Brocade ·  Jun 16 15:13

On June 12, 2026, SpaceX officially listed on the Nasdaq. Its shares rose 19% on the first day of trading, closing with a market capitalization of $2.1 trillion, making it the sixth-largest publicly traded company in the United States—within Wall Street’s expected range of $1.7–2.5 trillion—and marking an uneventful yet solid debut.

This initial public offering (IPO), the largest in human history, raised a total of $75 billion—nearly half of the entire U.S. IPO fundraising volume for 2025. Given that the company reported revenue of less than $19 billion and a net loss of approximately $4.9 billion in 2025, its price-to-sales (PS) ratio exceeded 100x.

Effectively, the market priced this trillion-dollar giant using venture capital logic typically reserved for early-stage startups. Controversy was thus inevitable: some hailed it as a milestone for human civilization, while others called it the biggest bubble ever inflated by Elon Musk.

But beyond short-term stock performance or Musk’s ranking on wealth lists, we want to focus on an essential point overlooked by most: SpaceX’s true value extends far beyond that of a space company—it is actively validating the fourth-generation corporate model in human business history: the systems-driven enterprise.

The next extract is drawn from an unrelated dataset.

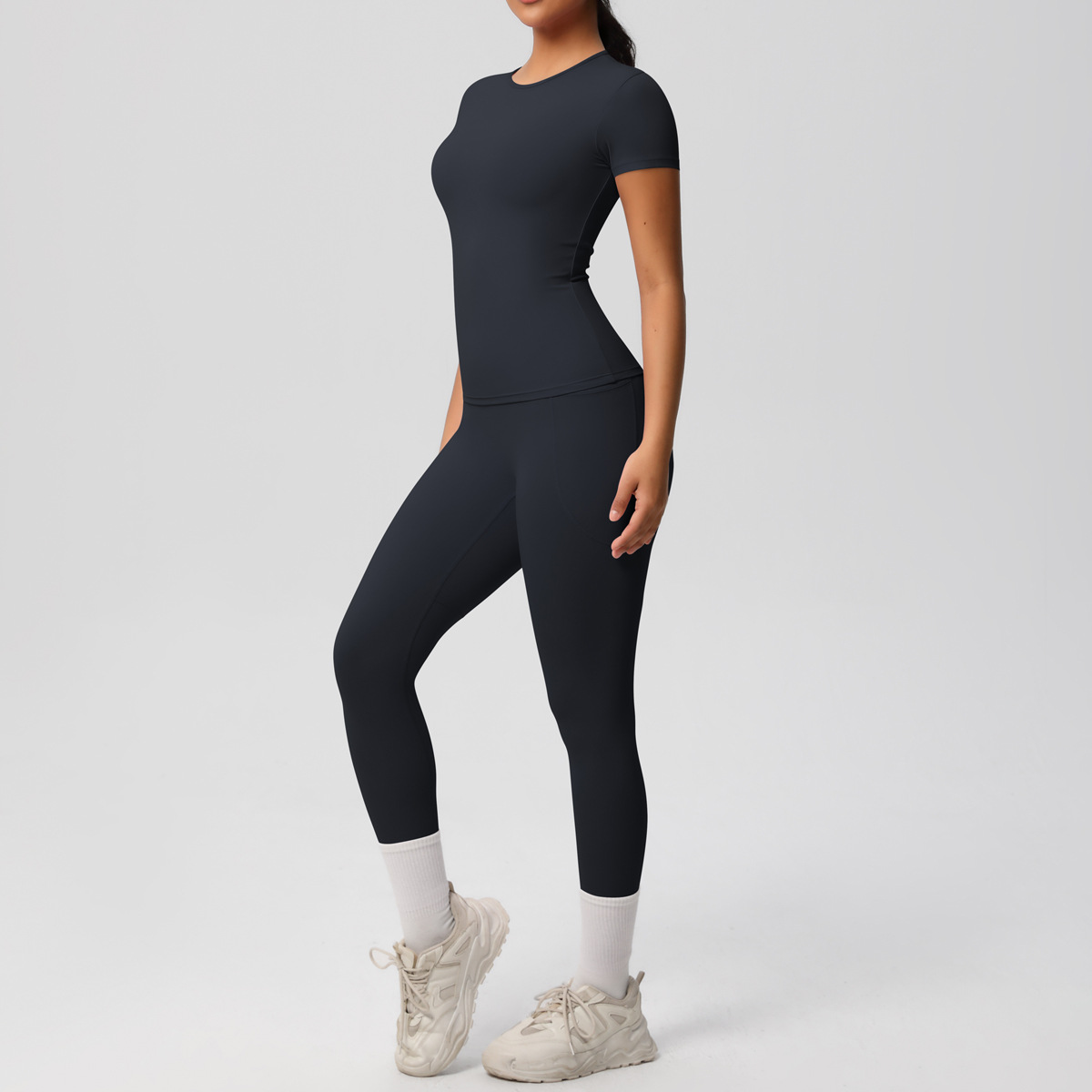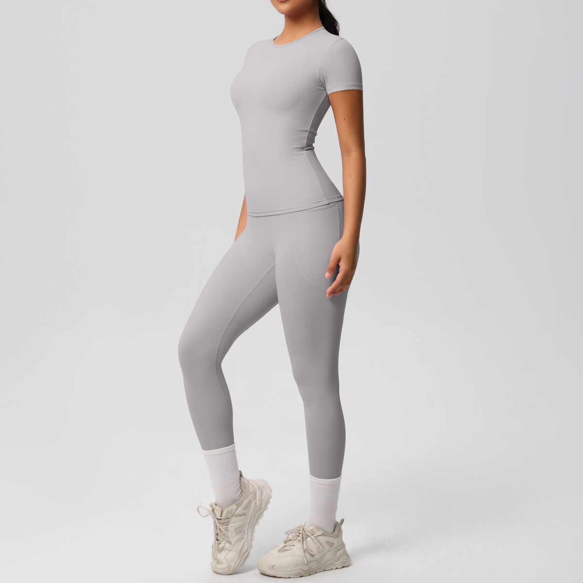재고 크로스 보더 솔리드 컬러 양면 샌딩 통기성 높은 탄성 꽉 맞는 요가 세트 세트 스포츠 러닝 피트니스 투피스 세트

The IPO story is straightforward: from a rocket company to a space infrastructure platform.

SpaceX operates across three core business segments: Launch, Satellite Connectivity (Starlink), and AI. The launch business provides foundational access capabilities and continues to iterate; Starlink generates recurring operating cash flow and shows steady growth; AI carries the forward-looking narrative that justifies high valuation premiums.

Among these, Starlink is the only profitable segment, while Launch and xAI remain in heavy investment phases.

Figure: SpaceX Business Segment Breakdown
Source: Jinran Research Institute
Figure: SpaceX Business Segment Breakdown Source: Jinran Research Institute

1. Rockets dominate global launches—the Starship is the real game-changer.

Rockets are the foundation of SpaceX, encompassing Falcon, Dragon, and Starship. Among these, Falcon 9 is currently SpaceX’s undisputed workhorse. As the world’s first orbital-class reusable launch vehicle, it leverages full recovery of its first stage and partial recovery of payload fairings to reduce marginal launch costs to approximately USD 15 million per mission, establishing a significant lead over competitors.

In 2025, SpaceX completed 170 launches, accounting for 87% of total U.S. launches and 83% of global orbital payload mass. Its average launch capacity per mission was roughly 4.4 times that of other providers.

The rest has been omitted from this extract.